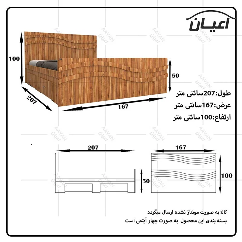 کالا فاقد تشک می باشد - سایز تشک مناسب 160x200سانت است-کالا به صورت مونتاژ نشده(جدا از هم) ارسال می شود
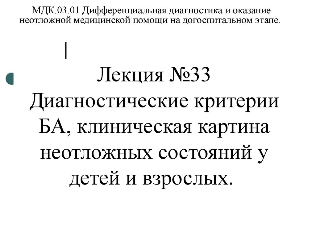 1. Лекция №33 Диагностические критерии БА, клиническая картина неотложных состояний у детей и взрослых.
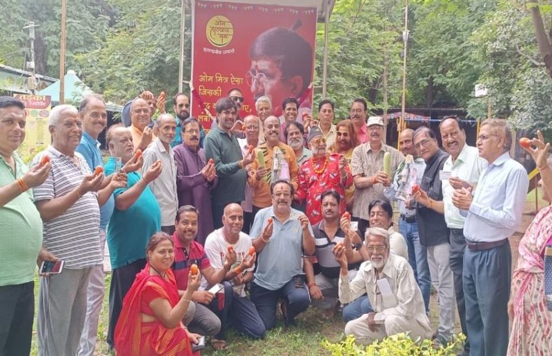 ,,Ujjain: तरण ताल स्थित ओम व्यास के ठिये पर ठहाकों की मस्ती के लिए जुटे साहित्यकार, व्यंग्यकार, कवि और ओम व्यास ओम के साथी।
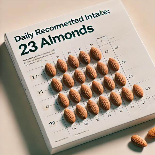 아몬드의 많은 효능을 얻기 위해서는 적절한 섭취량을 지키는 것이 중요합니다. 일반적으로 ◀하루 23개(약 30g)▶의 아몬드를 섭취하는 것이 적당하며, 이 양은 소량의 간식으로 이상적입니다.

-*-

#### WHAT IS NEEDED:
Your copy should consist only of the lines from the line holding "1. Лекция №33" through the final line of the listing above, both included, with all pictures omitted.

#### SOLUTION:
 1. Лекция №33 Диагностические критерии БА, клиническая картина неотложных состояний у детей и взрослых.
 ,,Ujjain: तरण ताल स्थित ओम व्यास के ठिये पर ठहाकों की मस्ती के लिए जुटे साहित्यकार, व्यंग्यकार, कवि और ओम व्यास ओम के साथी।
 아몬드의 많은 효능을 얻기 위해서는 적절한 섭취량을 지키는 것이 중요합니다. 일반적으로 ◀하루 23개(약 30g)▶의 아몬드를 섭취하는 것이 적당하며, 이 양은 소량의 간식으로 이상적입니다.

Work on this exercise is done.